§ **EXERCISE REQUIREMENTS**: Within the lines below, the span from the line with "F the Bar at" to the line with "122cc太阳成集团2025年12月份院文明宿舍的公示", both ends included, is to be reproduced exactly, with pictures omitted.

§ **SUPPLIED MATERIAL**:
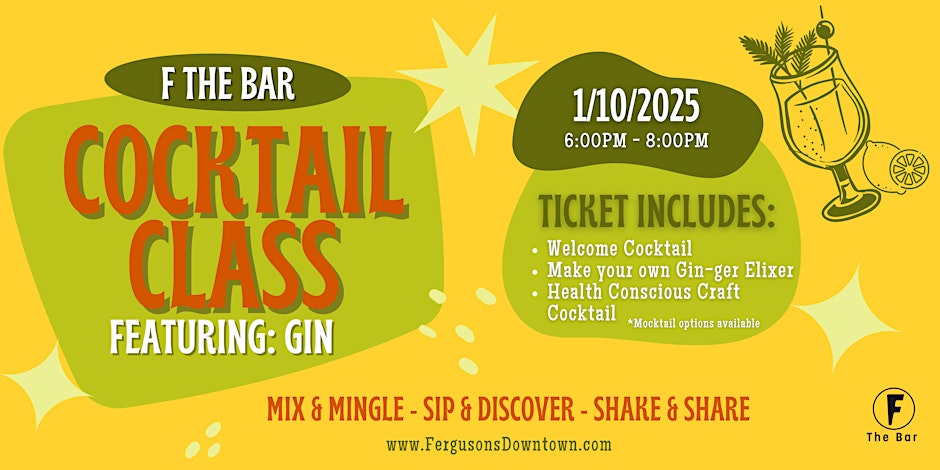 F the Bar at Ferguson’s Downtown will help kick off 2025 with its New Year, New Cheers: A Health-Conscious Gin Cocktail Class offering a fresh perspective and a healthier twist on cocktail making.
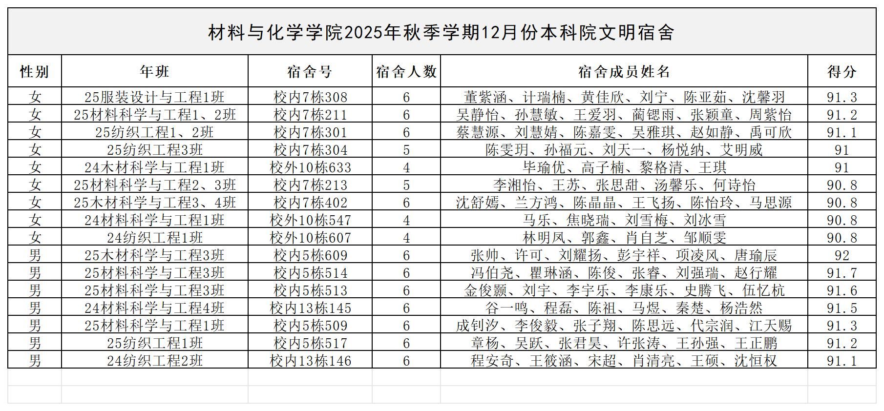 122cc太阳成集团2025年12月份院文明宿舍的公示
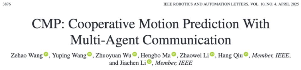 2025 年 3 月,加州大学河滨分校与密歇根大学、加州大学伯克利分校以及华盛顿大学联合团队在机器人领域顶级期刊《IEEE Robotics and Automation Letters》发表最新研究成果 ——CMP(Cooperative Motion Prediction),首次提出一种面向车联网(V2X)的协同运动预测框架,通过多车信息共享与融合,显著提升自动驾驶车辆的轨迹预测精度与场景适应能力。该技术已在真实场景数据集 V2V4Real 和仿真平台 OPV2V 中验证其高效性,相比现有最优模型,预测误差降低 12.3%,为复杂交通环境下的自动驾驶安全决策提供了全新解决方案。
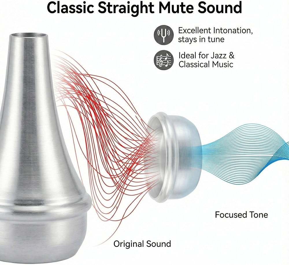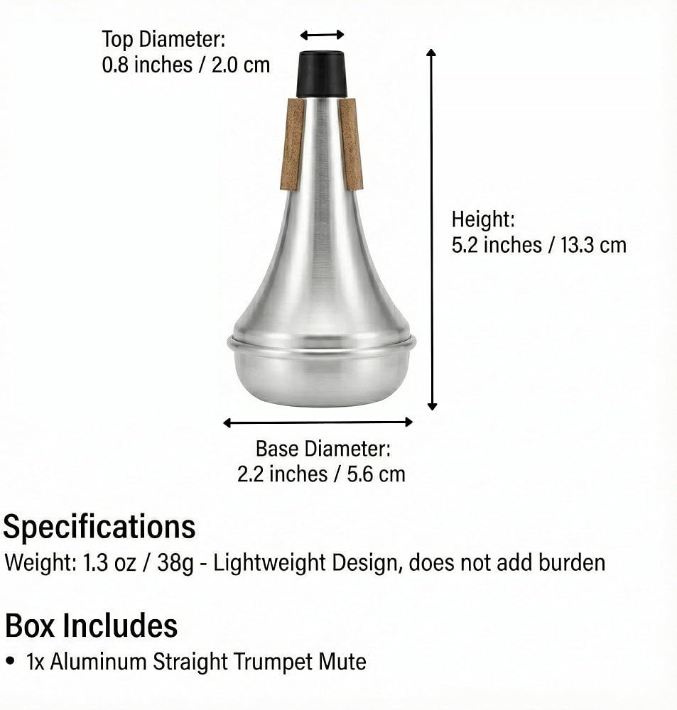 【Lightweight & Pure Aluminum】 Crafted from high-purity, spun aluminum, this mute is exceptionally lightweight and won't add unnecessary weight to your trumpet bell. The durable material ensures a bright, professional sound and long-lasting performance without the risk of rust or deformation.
...
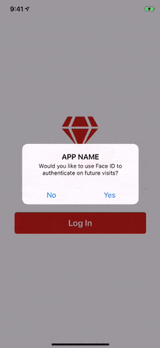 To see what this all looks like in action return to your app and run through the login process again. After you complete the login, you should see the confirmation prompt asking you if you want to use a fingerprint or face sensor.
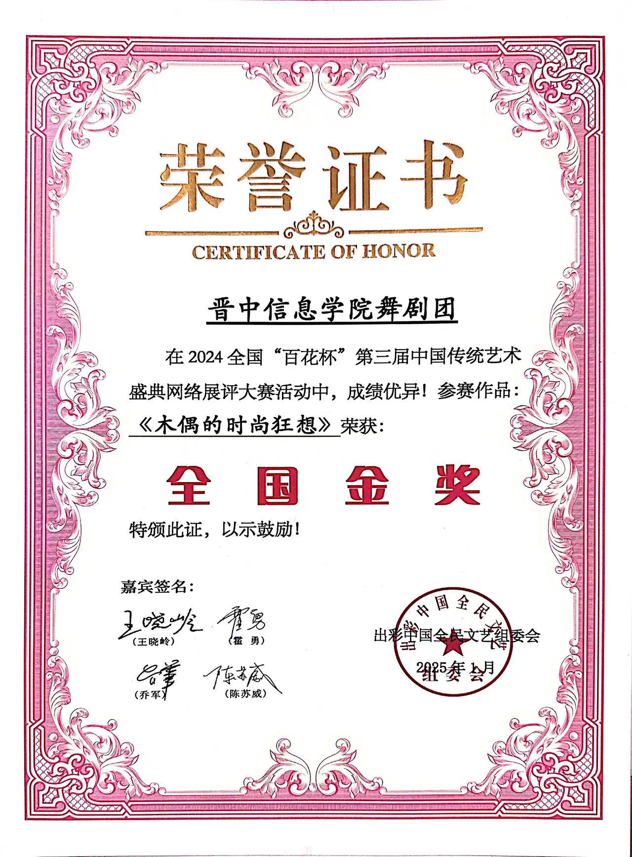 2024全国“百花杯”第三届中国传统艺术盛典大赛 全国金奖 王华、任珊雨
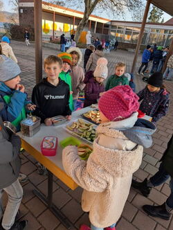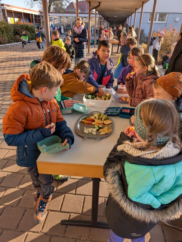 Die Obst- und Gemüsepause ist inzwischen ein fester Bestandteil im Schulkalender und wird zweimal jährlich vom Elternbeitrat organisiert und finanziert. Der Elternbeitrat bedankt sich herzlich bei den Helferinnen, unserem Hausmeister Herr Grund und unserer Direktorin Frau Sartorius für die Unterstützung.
* * *
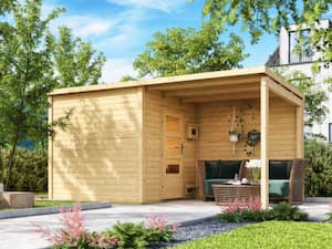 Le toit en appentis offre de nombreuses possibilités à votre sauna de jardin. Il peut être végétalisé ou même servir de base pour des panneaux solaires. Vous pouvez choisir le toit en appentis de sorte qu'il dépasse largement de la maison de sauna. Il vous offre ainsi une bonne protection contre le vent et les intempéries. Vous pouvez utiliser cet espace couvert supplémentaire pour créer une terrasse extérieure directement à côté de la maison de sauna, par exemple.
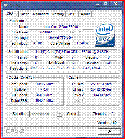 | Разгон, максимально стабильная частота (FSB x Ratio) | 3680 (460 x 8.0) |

§ **EXERCISE SOLUTION**:
 F the Bar at Ferguson’s Downtown will help kick off 2025 with its New Year, New Cheers: A Health-Conscious Gin Cocktail Class offering a fresh perspective and a healthier twist on cocktail making.
 122cc太阳成集团2025年12月份院文明宿舍的公示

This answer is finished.